Data extract

_ _ _

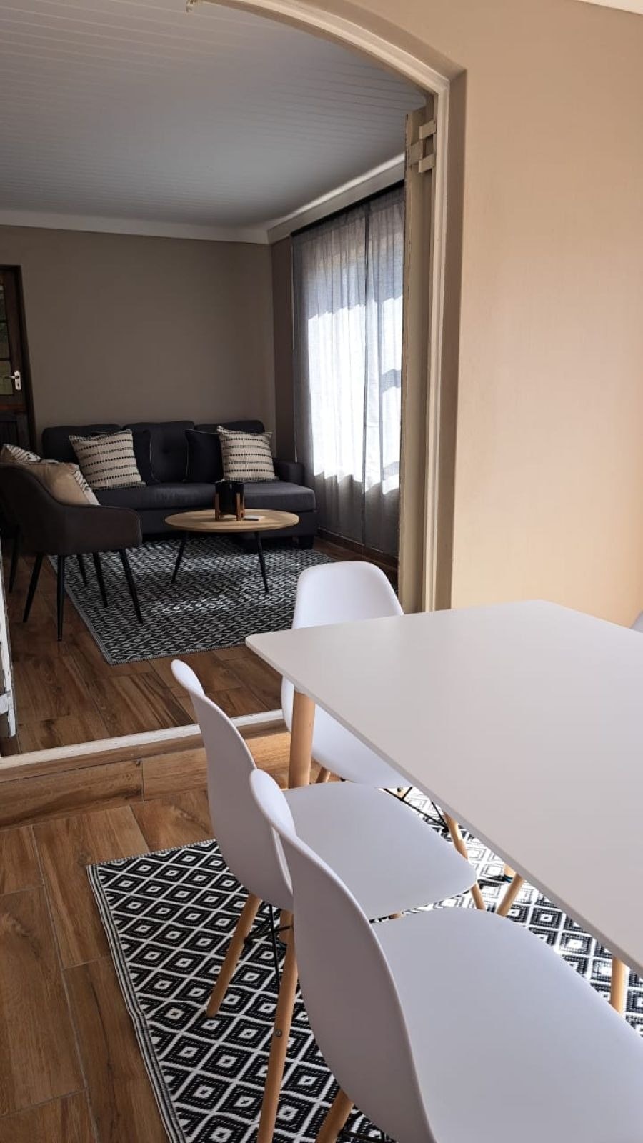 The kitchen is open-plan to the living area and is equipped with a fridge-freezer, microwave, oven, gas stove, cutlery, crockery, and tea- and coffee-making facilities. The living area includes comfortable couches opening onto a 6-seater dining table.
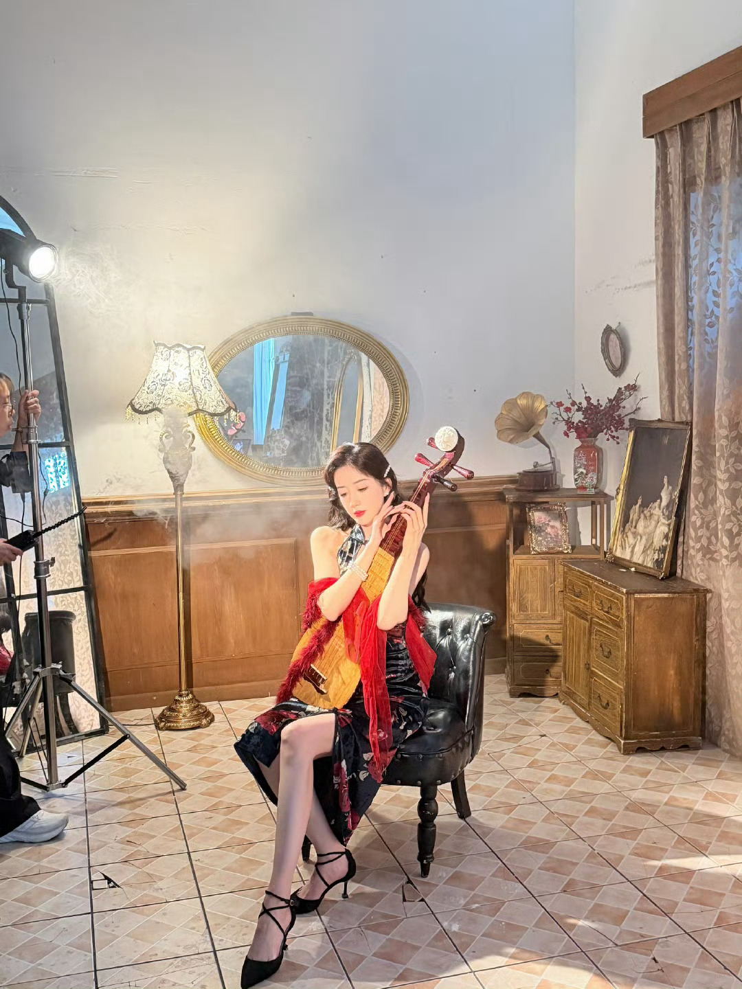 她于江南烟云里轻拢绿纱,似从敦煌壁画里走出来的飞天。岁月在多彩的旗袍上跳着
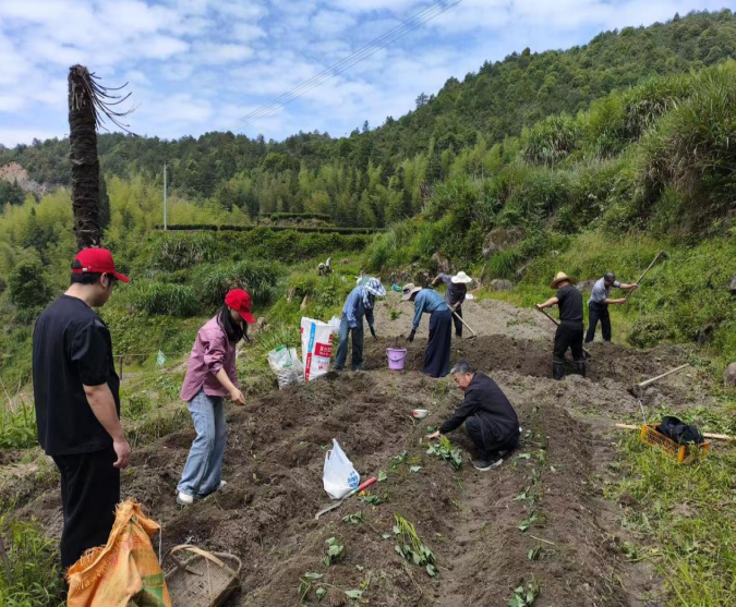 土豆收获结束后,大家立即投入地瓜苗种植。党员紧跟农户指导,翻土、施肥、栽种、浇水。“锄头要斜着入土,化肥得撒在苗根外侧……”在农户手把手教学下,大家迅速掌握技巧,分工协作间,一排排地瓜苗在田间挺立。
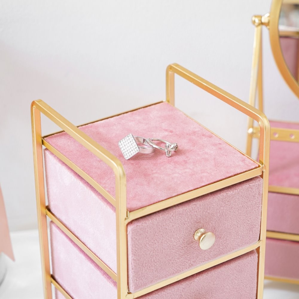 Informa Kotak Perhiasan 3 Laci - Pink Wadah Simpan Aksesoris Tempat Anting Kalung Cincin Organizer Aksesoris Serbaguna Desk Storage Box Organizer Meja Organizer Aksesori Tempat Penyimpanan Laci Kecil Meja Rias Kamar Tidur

_ _ _

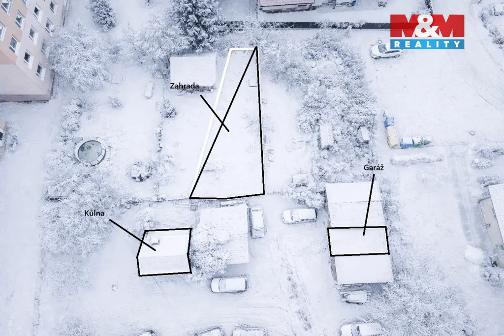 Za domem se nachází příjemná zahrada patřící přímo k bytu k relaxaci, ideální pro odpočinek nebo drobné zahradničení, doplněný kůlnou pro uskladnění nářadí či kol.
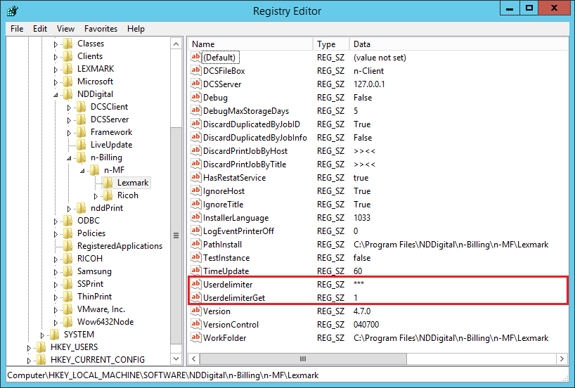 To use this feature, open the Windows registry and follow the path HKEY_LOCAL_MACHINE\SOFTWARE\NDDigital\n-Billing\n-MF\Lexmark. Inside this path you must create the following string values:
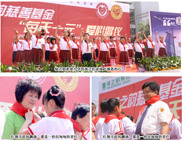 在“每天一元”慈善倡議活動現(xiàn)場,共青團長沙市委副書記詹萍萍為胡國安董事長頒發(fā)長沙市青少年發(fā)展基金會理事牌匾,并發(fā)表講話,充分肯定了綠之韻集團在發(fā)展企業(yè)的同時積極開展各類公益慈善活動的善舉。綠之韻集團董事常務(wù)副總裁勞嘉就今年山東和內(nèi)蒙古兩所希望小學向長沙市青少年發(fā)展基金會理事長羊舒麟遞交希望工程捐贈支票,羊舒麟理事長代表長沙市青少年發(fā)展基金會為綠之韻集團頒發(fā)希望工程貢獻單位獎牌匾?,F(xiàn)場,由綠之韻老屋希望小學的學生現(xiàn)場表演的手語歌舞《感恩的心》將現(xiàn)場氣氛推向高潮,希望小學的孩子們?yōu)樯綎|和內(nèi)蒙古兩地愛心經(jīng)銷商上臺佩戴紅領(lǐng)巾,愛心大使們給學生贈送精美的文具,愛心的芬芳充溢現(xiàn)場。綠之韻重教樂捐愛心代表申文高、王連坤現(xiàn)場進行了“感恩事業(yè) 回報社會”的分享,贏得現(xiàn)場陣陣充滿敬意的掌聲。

_ _ _

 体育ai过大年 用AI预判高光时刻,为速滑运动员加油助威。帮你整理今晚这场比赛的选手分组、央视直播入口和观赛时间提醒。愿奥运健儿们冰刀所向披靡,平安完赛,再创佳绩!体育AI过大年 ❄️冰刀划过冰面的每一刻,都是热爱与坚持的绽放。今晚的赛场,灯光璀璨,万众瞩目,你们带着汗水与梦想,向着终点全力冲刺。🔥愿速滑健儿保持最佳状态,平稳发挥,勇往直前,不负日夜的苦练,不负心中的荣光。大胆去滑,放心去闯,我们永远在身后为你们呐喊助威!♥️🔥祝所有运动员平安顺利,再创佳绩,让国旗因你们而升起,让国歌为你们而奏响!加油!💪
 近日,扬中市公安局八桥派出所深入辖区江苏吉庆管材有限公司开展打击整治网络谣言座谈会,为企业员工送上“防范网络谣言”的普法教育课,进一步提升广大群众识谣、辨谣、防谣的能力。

_ _ _

Problem to work on
In the entries above, which lines run from the one with "Za domem se" up to and including the one with "To use this"? Write them out exactly, without the pictures.

Result of the task
 Za domem se nachází příjemná zahrada patřící přímo k bytu k relaxaci, ideální pro odpočinek nebo drobné zahradničení, doplněný kůlnou pro uskladnění nářadí či kol.
 To use this feature, open the Windows registry and follow the path HKEY_LOCAL_MACHINE\SOFTWARE\NDDigital\n-Billing\n-MF\Lexmark. Inside this path you must create the following string values:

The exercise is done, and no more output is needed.